Am Montag, 27. November 2006 15:47 schrieb Ian Lynagh:
[...] So, I would like to through down the gauntlet to the community to make this happen! We have ambitions to make large steps in this direction at Hac 07 http://haskell.org/haskellwiki/Hac_2007 (but that shouldn't stop people who can't be there from working on it too, or people working on it before then!).

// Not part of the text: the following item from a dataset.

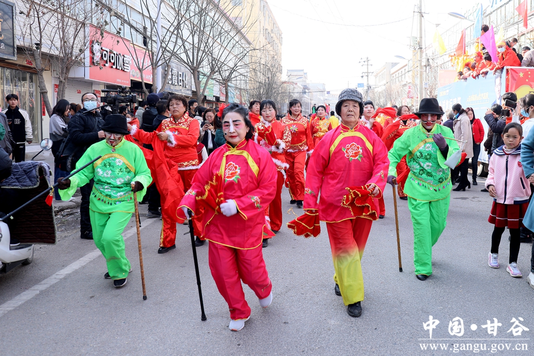 “咚咚咚锵,咚咚咚锵……”社火展演在锣鼓喧天的鼓点声中拉开了序幕,来自各村的社火展演代表迈着整齐的步伐,踏着喜庆的鼓点,和着欢快的节拍相继登场;腾跳起伏的舞狮,憨态可掬的旱船、跑驴,绚烂多姿的高台一一映入观众眼帘。
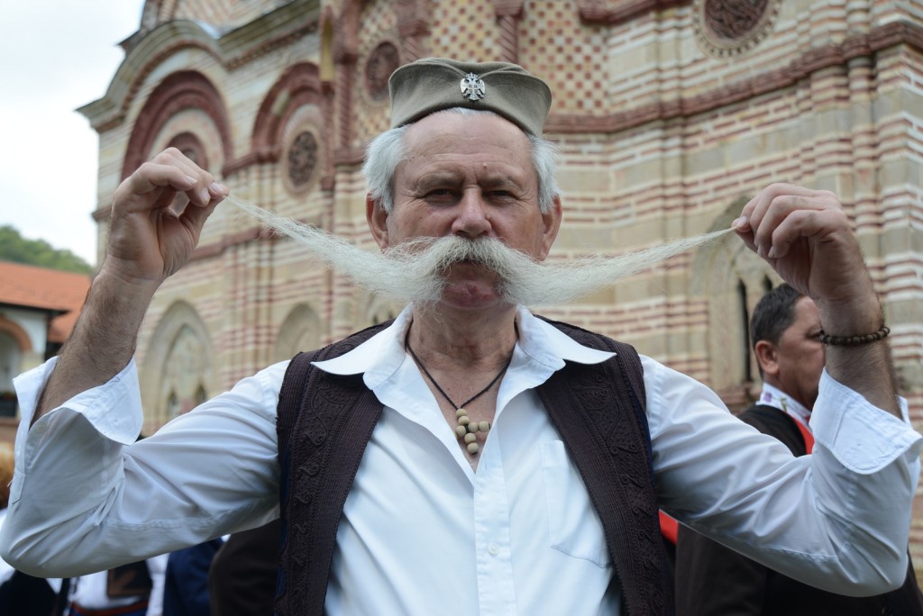 Ljubo Brko iz sela Trske u porti manastira Kalenić razvukao svoje adute za naj brkove na 52. saboru PROĐOH LEVAČ PROĐOH ŠUMADIJU.

I have to admit that I didn't follow the development of Cabal-related tools very closely, so perhaps my concerns are already handled: Given a normal Linux distribution, the *only* sensible way to install/remove/... any SW is not via some specialized tools like cabal-foo or hackage-bar, but via tools like rpm, apt-get, smart, ... and their related GUI frontends. Doing things behind the back of the native package manager will lead to trouble sooner or later, and many users will outright reject any other tool (for very good reasons). Another thing is that I fear duplication of features like e.g. package signing, handling installation sources, searching for new packages, notification of updates, etc. To give an example for my openSUSE 10.1: If one finds some interesting package repository on e.g. http://en.opensuse.org/Additional_YaST_Package_Repositories its URL can easily be added to YaST (the openSUSE package management GUI), perhaps importing some keys to trust in the future, and starting from that point, the packages from that repository are seamlessly integrated with the rest: One can search for new interesting packages, install/remove packages, get update notifications, etc. The right way for openSUSE (and probably every RPM-based distro) would be to set up some kind of Haskell repository, and there are even efforts into that direction. I am sure that this has already been considered somehow, but could somebody be so kind to give a short explanation of the plans in this area? I think that the proposed tools should somehow be called from RPM .spec files, but I am missing the big picture... Cheers, S.